_Information supplied:_
------------------------

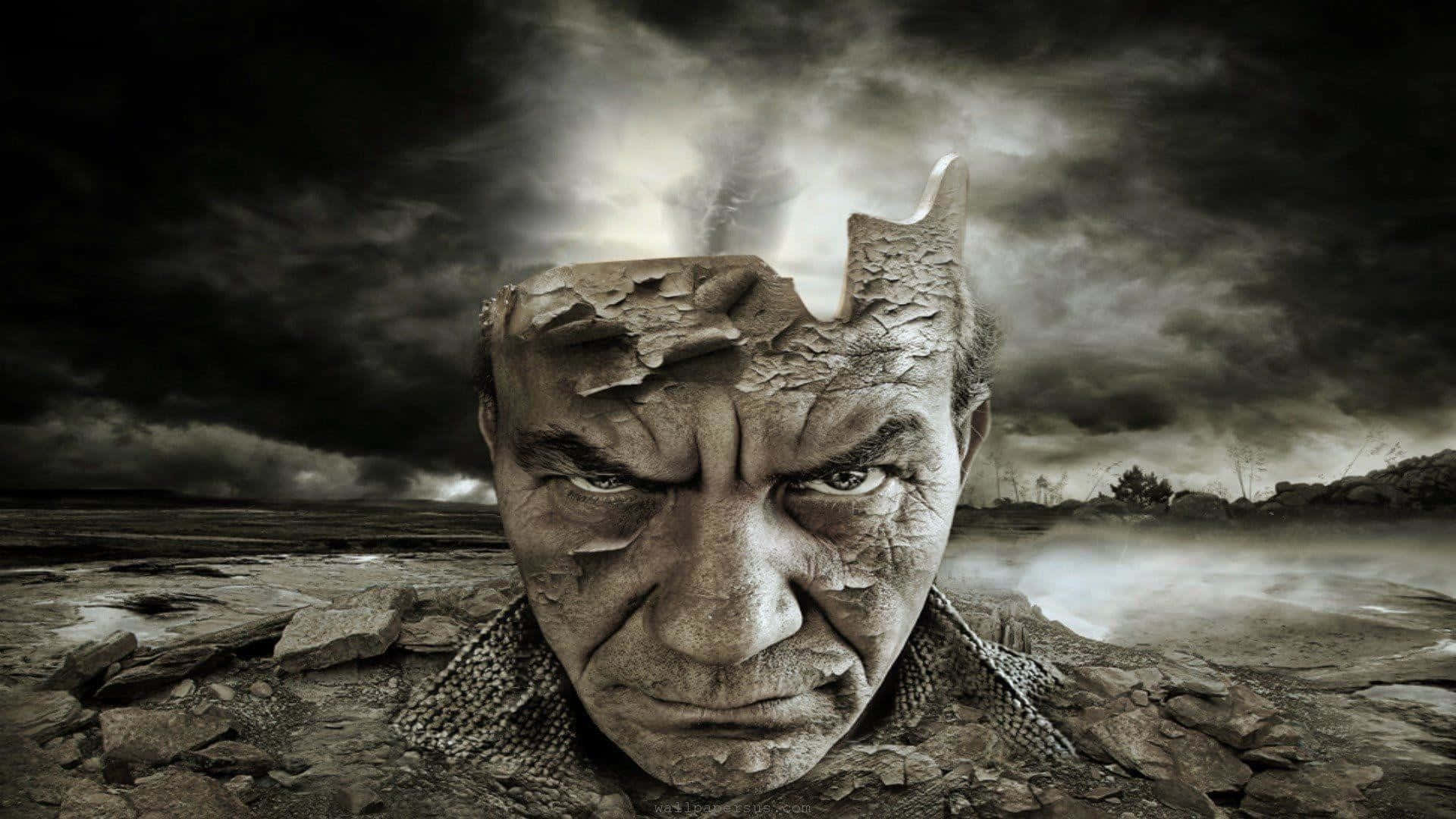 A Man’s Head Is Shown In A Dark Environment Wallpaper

------------------------

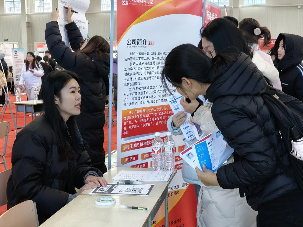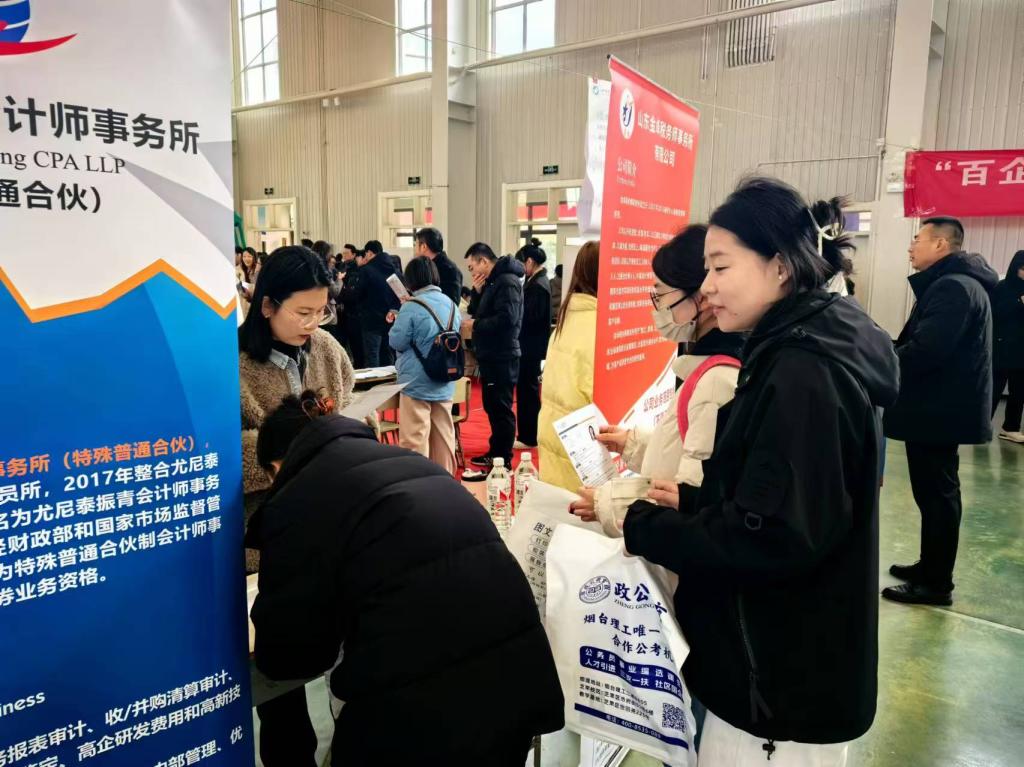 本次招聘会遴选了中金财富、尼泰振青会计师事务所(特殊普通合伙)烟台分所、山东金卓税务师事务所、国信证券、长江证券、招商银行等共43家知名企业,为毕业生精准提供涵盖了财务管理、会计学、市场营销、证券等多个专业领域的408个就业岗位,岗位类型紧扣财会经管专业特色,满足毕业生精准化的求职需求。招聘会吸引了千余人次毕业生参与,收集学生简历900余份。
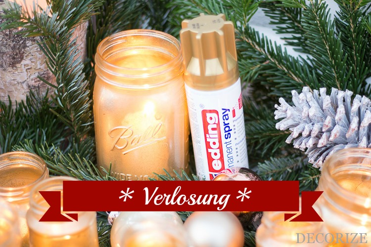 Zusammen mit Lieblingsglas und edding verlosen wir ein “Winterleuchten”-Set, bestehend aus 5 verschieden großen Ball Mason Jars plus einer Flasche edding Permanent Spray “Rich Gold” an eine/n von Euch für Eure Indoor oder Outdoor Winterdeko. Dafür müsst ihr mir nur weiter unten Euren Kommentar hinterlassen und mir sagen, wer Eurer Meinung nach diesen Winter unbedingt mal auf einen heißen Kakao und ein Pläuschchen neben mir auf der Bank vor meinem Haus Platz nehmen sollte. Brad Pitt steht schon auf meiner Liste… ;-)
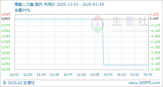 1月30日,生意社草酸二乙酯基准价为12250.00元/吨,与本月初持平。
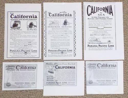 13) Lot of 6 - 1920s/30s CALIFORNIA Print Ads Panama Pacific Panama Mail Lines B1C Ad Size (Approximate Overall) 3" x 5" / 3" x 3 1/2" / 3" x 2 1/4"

------------------------

_Try it:_ Would you restate, exactly and with no pictures, the lines of the entries above from the one containing "Zusammen mit Lieblingsglas" through the one containing "13) Lot of 6"?

_Expected answer:_
 Zusammen mit Lieblingsglas und edding verlosen wir ein “Winterleuchten”-Set, bestehend aus 5 verschieden großen Ball Mason Jars plus einer Flasche edding Permanent Spray “Rich Gold” an eine/n von Euch für Eure Indoor oder Outdoor Winterdeko. Dafür müsst ihr mir nur weiter unten Euren Kommentar hinterlassen und mir sagen, wer Eurer Meinung nach diesen Winter unbedingt mal auf einen heißen Kakao und ein Pläuschchen neben mir auf der Bank vor meinem Haus Platz nehmen sollte. Brad Pitt steht schon auf meiner Liste… ;-)
 1月30日,生意社草酸二乙酯基准价为12250.00元/吨,与本月初持平。
 13) Lot of 6 - 1920s/30s CALIFORNIA Print Ads Panama Pacific Panama Mail Lines B1C Ad Size (Approximate Overall) 3" x 5" / 3" x 3 1/2" / 3" x 2 1/4"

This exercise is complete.